Reliability and performance in software tools

We shape our tools, and thereafter our tools shape us — Marshall McLuhan.

It’s been a couple of years now since I discovered my deep passion for building developer tools. I’m particularly interested in tools that become an indispensable part of developers’ workflow. Most such tools have one thing in common: they provide exceptional developer experience.

I’m lucky that I work on developer tools at Netflix. As I grow into my career and gain more knowledge, I’ve started to develop mental models of software tools and what makes them particularly great.

Today, I’ll share some of those models, focused on software reliability and performance, which I think are the most important features of any software we build. I’ll also share some principles that I think could guide us in building reliable and performant software tools.

Why invest in tools

We developers love our tools and often spend hours and days customizing them for our workflow. We know it’s mostly justified, because it pays off (unless you’re me, who can spend a day choosing the right font for an editor). Anyway, every minute saved in our productivity compounds, in the long run, can have a huge impact, because it increases our velocity of delivering business value to users. Since tools that we create act as force-multipliers for developers and eventually for business, it should be of foremost importance to invest in our tools wisely.

Why reliability and performance are important

Since reliability and performance can have different meanings, depending on the type of software, we should define these terms in software tools.

To me, a software tool is reliable if it performs its intended function and, upon failure, provides clear and actionable steps for its user to recover fully. I mostly see performance as a function of one variable — speed. The tools we build should be fast, if our goal is to increase developer velocity. If the tool is fast, it's more likely to become an integral part in the developer's workflow. When the tool is slow and laggy, it's an expensive distraction for developers and can easily break their flow. Slow programs also tend to increase user-facing complexity, because users commonly route around slow workflows, which can often be frustrating.

To build tools that provide a delightful developer experience, we should treat reliability and performance as vital product features. Speed and reliability often go hand in hand, and speed becomes a good measure of quality and software craft. As with any product feature, we should improve these features incrementally, based on user feedback and defined principles.

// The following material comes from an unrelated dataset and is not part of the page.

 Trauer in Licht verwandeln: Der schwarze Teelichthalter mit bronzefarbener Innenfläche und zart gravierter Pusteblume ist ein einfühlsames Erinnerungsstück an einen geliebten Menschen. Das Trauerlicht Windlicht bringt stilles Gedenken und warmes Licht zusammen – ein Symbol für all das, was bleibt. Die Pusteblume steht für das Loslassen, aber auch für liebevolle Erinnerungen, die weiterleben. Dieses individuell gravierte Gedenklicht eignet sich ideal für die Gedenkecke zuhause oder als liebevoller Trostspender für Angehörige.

Apart from these two software characteristics, other vital contributors to developer experience are accessibility, scalability, documentation, and maintainability. However, I intentionally left those for another blog post, and here I’ll focus only on performance and reliability.

Principles

I look at these principles more as heuristics, rather than rules that one should obey at any cost. In software engineering, tradeoffs are everywhere, so these principles can become mental models to apply when working with software tools.

Since the above ideas were relatively high-level, I thought breaking them down into a small set of guiding principles could make them more actionable for engineering teams.

Optimize for typical developer workflows

Tools should be fast for everyday developer tasks and workflows. If developers can complete repetitive tasks faster, they will ship features sooner and deliver more value to customers. For each tool, it's crucial to identify the most common developer workflows and try to optimize those workflows first.

One good way to identify critical workflows is to examine the tool's main objective and fit in engineers’ workflow. This can help to prioritize the right features in the roadmap and help developers to do impactful work.

Sometimes this requires eliminating unnecessary features from the tool that introduce mental clutter and degrade performance. Keeping our tools short and embracing the concept of doing one thing and doing it well, can become key for building high-performance workflows and tools. If we decide to add new features, we should always ask how they contribute to the main objective.

There should be two-way communication between tools and users. If we intend to make self-serve tools that are easy for developers to use, we should make them more interactive, with a fast feedback loop. This means that tools are responsive to every user action and provide clear next steps to complete their intended workflow.

To make tools responsive, we should prioritize performance and make them fast. If the tool is fast with a close feedback loop, it keeps the user within the current task context and doesn't require constant context switching. Of course, this improves the developer's velocity and experience significantly.

Measure reliability

The tools and user interfaces we build for users should be reliable in completing tasks. Without reliability, it's hard to build trust, and users lose their confidence and eventually stop using them. Of course, no software is bug-free, but we should be more proactive and less reactive when we approach bug fixing.

To get there, we should know what's broken and understand its impact on developers' workflow. It's okay, sometimes, to rely on intuition, but this can lead to oversight, and without any particular dataset, make it harder to measure the impact of the bug or incident. If we can measure reliability, we can better prioritize bug fixes and tasks.

It's futile to aim for 100% reliability, but we should define loose SLIs (Service Level Indicators) and SLOs (Service Level Objectives) for our tools to measure and improve reliability over time. We can use SLOs to set the right expectation for customers and use them to decide when to prioritize performance and reliability tasks over other features.